I'm getting bees this year! This is my first foray into the world of bees and I'm extremely nervous and excited! Bees spook me a little, but I really want to keep them. I have a friend who has been keeping bees for several years now, to help me out as well, so I'm not completely lost.

My beau and his mother have purchased a hive for me that should be arriving in a couple of weeks. I have spent the whole last year reading up on beekeeping and after careful consideration I chose to get a red cedar warre hive for the following reasons;


I want healthy pollenaters first and foremost
I want my own honey but I don't need a lot of honey
I want wax as much if not more than I want honey
I like the concept and possible benefits of allowing the bees to build their own combs which makes a top bar hive great, but....
I don't like that I may end up destroying brood and can't use some classic beekeeping techniques (like queen separators and swarm stoppers) in a normal top bar, so a warre seems like a great option
I don't need any special equipment to harvest the honey and wax in a warre hive
I've heard that cedar helps with preventing intruders, plus it just holds up longer

Because MIL ordered it, I don't know if I'll be getting a screened bottom or not or if it'll have viewing windows but I think the answers are yes and no. We'll just have to wait and see.

Now I'm picking out a nuc and trying hard to look for something that comes from my climate (northeast Ohio) as opposed to California. I found someone who overwinters in NY and may be going with their nucs. I also have to decide where in my lawn it's going to be put. I'm really looking forward to this!

I guess I don't have a whole lot of questions but...

I'd love to hear your top advice to new beekeepers, especially if you raise in warre hives. Especially things that you won't normally hear or what you wish you had known before you started.

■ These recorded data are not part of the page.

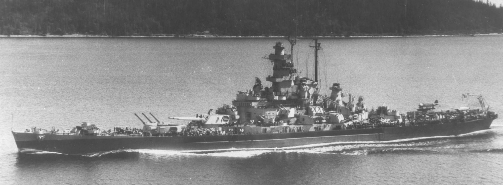 During January 1945, she sailed as part of TF 38, which struck Formosa and supported the landing at Lingayen Gulf. During that time she turned into the South China Sea, where TF 38 destroyed shipping from Saigon to Hong Kong; the operation concluded with air strikes on Formosa and Okinawa From 10 February to 3 March, with the 5th Fleet, Massachusetts guarded carriers during raids on Honshu. Her group also struck Iwo Jima by air for the invasion of that island. On 17 March, the carriers launched strikes against Kyushu while Massachusetts fired in repelling enemy attacks, splashing several planes. Seven days later she bombarded Okinawa. She spent most of April fighting off air attacks, while engaged in the operations at Okinawa, returning to the area in June, when she passed through the eye of a typhoon with 100-knot winds 5 June. She bombarded Minami Daito Jima in the Ryukyus 10 June. Massachusetts sailed 1 July from Leyte Gulf to join the 3d Fleet’s final offensive against Japan. After guarding carriers launching strikes against Tokyo, she shelled Kamaishi, Honshu, 14 July, thus hitting Japan’s second largest iron and steel center. Two weeks later she bombarded the industrial complex at Hamamatsu, returning to blast Kamaishi 9 August. It was here that Massachusetts fired what was probably the last 16-inch shell fired in combat in World War II.
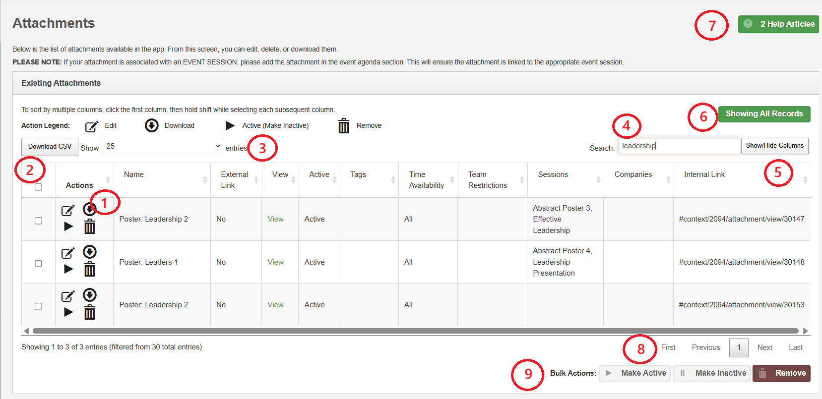 The actions you are allowed to take vary between contexts, but many of the functions remain the same throughout. Below is an example screen of one of the admin portal tables with further details.
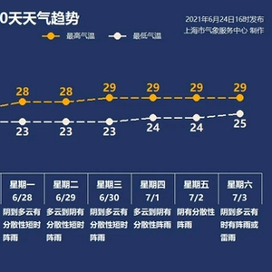 上海天气:24-30℃,多云到阴,今天半夜到明天阴有阵雨或雷雨
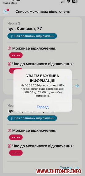 В АТ «Житомиробленерго» нагадують, що офіційну та оперативну інформацію про застосування графіків погодинних відключень (ГПВ) також можна знайти на офіційному сайті АТ «Житомиробленерго» за посиланням: https://www.ztoe.com.ua/unhooking-search.php

What's the best way to prevent or manage swarming in a warre hive? I know it happens more often than in langstroths. Is it possible to use this to my advantage by careful observation and a swarm lure to split my hive or for parasite prevention?

I'd love to hear your thoughts on the concept of an eco floor. I live in a cold, snowy environment with a high water table, so it seems like it might work well here, but I have no idea. There's very little information on it and no real studies.

I'd love to hear your advice for overwintering hives, especially in our volatile climate. In spring and fall it can easily jump from 30 to 60 in a matter of 36 hours. My friend has lost multiple hives due to swarming in those conditions.

What should I plant in my bee garden? Are there any plants I should consider growing directly around my hive?

Thanks!


----------



## kyweaver (Nov 30, 2009)

I can't offer any help, because we're only in our first winter with bees. We didn't go with a Warre, but a horizontal foundationless Langstroth. So we'll get the same honey/wax thing. 
I'll be reading any responses you get!


----------



## Steve in PA (Nov 25, 2011)

Congrats, it's exciting! Cannot speak from experience but I have read that top-bar hives are meant for cold weather. I'm sure Alleyooper will be along soon to share some experience.


----------



## ed/La (Feb 26, 2009)

Warre hives low-maintenance hive design. Easy to make your frames. Here is my advice.
Join local bee club. Learn basic wood working skills so you can safely make your 
own boxes. Do not go in your hives every day. Every week or two unless you have to do something. Put some swarm boxes out. 
Work your way up to several hives. Hives die so you need more then one. You do not need a fancy suit but a 
nice hood is important. Try to keep it cheap. You will get used to bee stings, less pain after a while. Looking forward to hearing about your success.


----------



## ChocolateMouse (Jul 31, 2013)

Thanks, ed/la! I was hoping that Warre would prove to be a more hands-off approach, tbh. Like I mentioned before, bees spook me a little so I'm going to try to only go in if I think I need to. I have solid woodworking skills... I built my chicken coop and rabbit hutch on my own. I feel like I can probably make a wooden box with some top bars with relative ease... A swarm box sounds like a great idea. I may put one of those together and see if I can catch a local swarm before bee ordering season happens.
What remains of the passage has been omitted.